Is $[0,1]$ a 1-manifold?

Question

Is $[0,1]$ a 1-manifold? I would say no because at either endpoint the open sets containing it aren't homeomorphic to a 1-ball in $\mathbb R^1$.

Answer 1

You are correct. It is not a $1$-dimensional manifold, but it is a $1$-dimensional manifold with boundary. Confusingly, a manifold with boundary is not a manifold.

Answer 2

It is a $1$ manifold with boundary but not a $1$ manifold. The boundary points are homeomorphic to open sets in $\mathbb{H}^{1}=[0,\infty)$.

Answer 3

You are correct, the open balls around $1$ and $0$ are not homeomorphic to $\mathbb R$. It's one thing to see this intuitively, but to prove it note that any open ball $[0, a)$ contains a nonempty compact set $[0, b]$ ($b < a$) whose complement is path connected. But the path connected open sets in $\mathbb R$ are intervals and the complement of an interval can never be nonempty and compact.
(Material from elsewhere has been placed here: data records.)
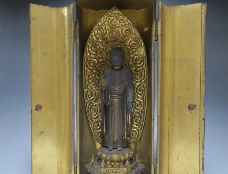 木彫 厨子入り 阿弥陀如来 立像
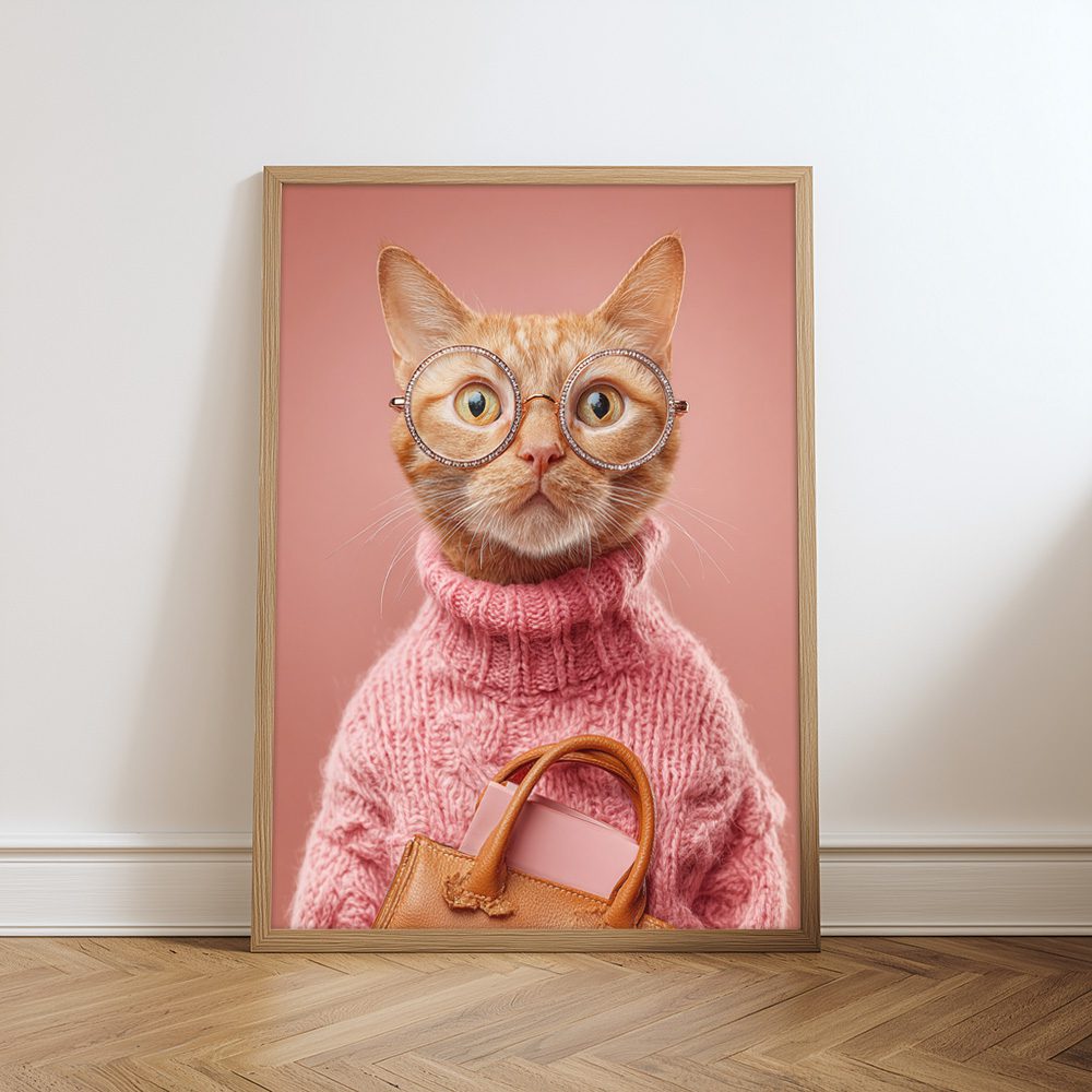 Nerdy Chic Cat är en varm och charmig poster som direkt skapar en känsla av trygghet och intelligens. Katten bär stora glasögon och en mjuk stickad tröja, vilket ger ett lekfullt men sofistikerat uttryck. Perfekt för den som vill skapa en inbjudande och personlig atmosfär. Postern passar utmärkt i barnrum, hemmakontor eller kreativa miljöer där värme och karaktär står i fokus.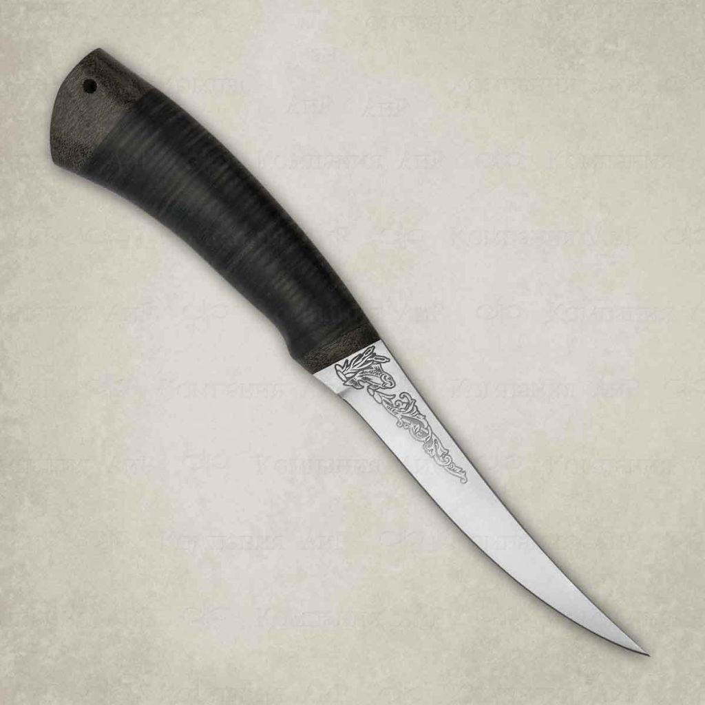 Малый филейный нож с узким клинком для разделки рыбы. Клинок толщиной 2 мм имеет линзовидные спуски, образующие тонкое, прекрасно режущее лезвие. Рукоять эргономической формы уверенно и прочно лежит в любой ладони. А оптимальной величины гарда не дает соскользнуть пальцам при резах от себя. Монтаж клинка сквозной, неразборный. Отличный выбор для разделки рыбы.

As the other answerers have noted, $[0, 1]$ is instead something called a manifold with boundary.

Answer 4

I simplify Jim's answer. Since $[0, a)$ is open in $[0, 1]$ and it is connected, then $\phi([0, a))$ should be connected and open in $\def\R{\mathbb{R}}\R$. Thus it is a interval in $\R$, i.e., $\phi([0, a))=(c, f)$. Now, if we let $\phi(0)=e$. Then $\phi(0, a)=(c, e)\cup (e,f)$. But $(0, a)$ is connected, and $(c, e)\cup (e,f)$ is not connected.